Snow Crash es un esteroide, o más bien algo parecido a un esteroide. Sí, eso es. Se cuela a través de la pared celular, como los esteroides. Y luego le hace algo al núcleo de la célula.

        —Tenías razón —le dice Hiro al Bibliotecario—. Igual que el herpes.


En realidad, Snow Crash es algo peor que todo eso; es un algoritmo programado para destruir el metaverso convirtiendo la pantalla en una nube de puntos blancos como nieve que aparecen cuando no queda más que ruido en el ambiente. El metaverso no será pues la codiciada eternidad porque aún en ese mundo ficticio existirá el fin de los tiempos. No faltará quien invente la sustancia ilusoria a la que, con toda certeza, llamará Snow Crash para dar más líneas al currículum vitae de Neal Stephenson y que representará el fin de todo para que también ahí, en ese espacio informático, podamos despertar nuestra vocación de muerte.

¿Por qué la humanidad está fascinada con el metaverso? Quizá hay una estructura en la propuesta, una configuración de elementos que no es aparente pero que, al vibrar, entra en consonancia con la armazón cultural que nos conforma. ¿Es la misteriosa atracción que ejercen los antagonismos en nosotros? ¿La contradicción en nuestras vidas? ¿La contraparte de todo lo que somos? La dualidad inexorable y el misterio que reconstruye nuestro par de opuestos en la virtualidad; realidad e irrealidad, materia y espíritu, ser y no ser.

Quizá, sin percatarnos, establecemos una analogía o quizá más: una relación entre el planteamiento tecnológico y los aspectos existenciales de la humanidad, entre los componentes básicos del concepto y lo que nos rodea. Quizá establecemos vínculos entre las nociones que representan a la realidad y todo aquello que nos define y nos delimita como especie. “Todo acto comunicativo se funda en un código”, decía Umberto Eco cuando hablaba de la estructura ausente en el lenguaje. Al momento de conectarnos al metaverso esos códigos estarán ahí y esos códigos definirán la existencia y el fin.
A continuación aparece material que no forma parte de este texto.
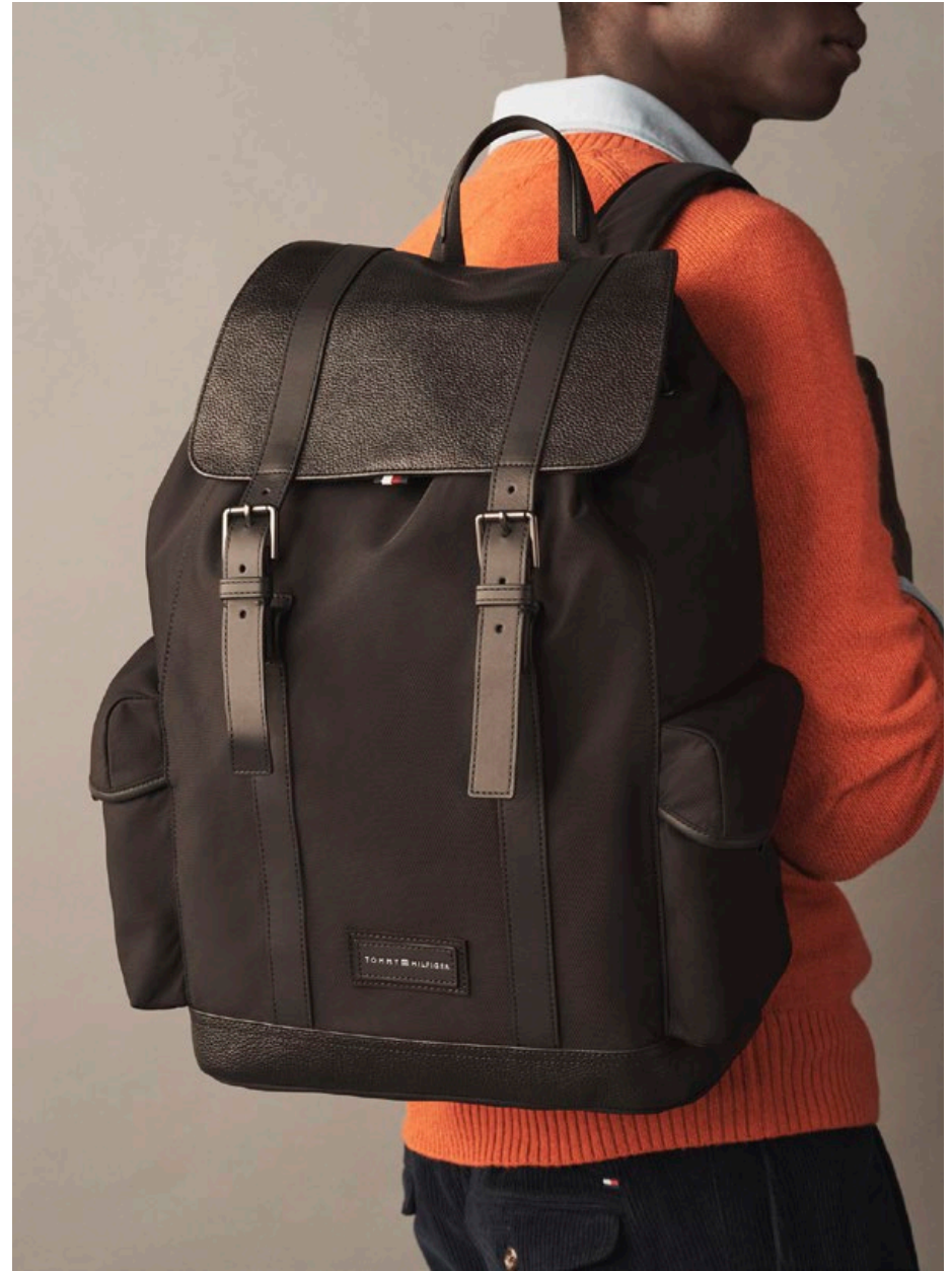
02 ESSENTIAL LEATHER BACKPACK Black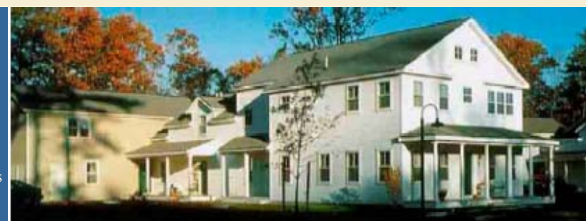
Four attached residential units

La fantasía de poder contar con otra vida en un Universo paralelo, o la idea simple y llana de que todo puede ser distinto con solo cambiar un detalle. Un repartidor de pizza es el más experimentado guerrero en el metaverso y no podemos resistirnos a pensar en lo que hubiera sido de nosotros si la delgada cuerda no se hubiese roto cuando aún contaba, si no hubiese dejado de sostener lo que ahora ya es inamovible. Cómo sería todo ahora que el tiempo pasó, si la moneda al caer se hubiera encontrado con el aire más delgado para que el balance final invirtiera el curso de las cosas. Cómo sería el mundo si el azar dejara de existir y el dado que nos muestra sus diferentes rostros numerados, como distintas realidades, se nos presentara previsible en un paisaje de multiversos que nos ofrece otra manera de vivir la vida.

¿Es que un metaverso nos da opciones? Nos permite imaginar que en algún lugar del espacio y del tiempo o, mejor dicho: en algún disco duro de algún centro informático existe una mejor versión de nosotros mismos y un final menos trágico para todo lo que nos marcó. ¿O es que un paisaje en el metaverso rompe con la soledad que nos angustia?

En todo caso, es muy probable que la sociedad en un futuro no muy lejano acabe como una idea implementada, convertida en un sistema de signos, una organización de contenidos, un código invisible con mensajes que se transmiten involuntariamente, líneas de software y programas inasibles. La realidad entonces perderá vigencia porque la virtualidad cobrará sentido.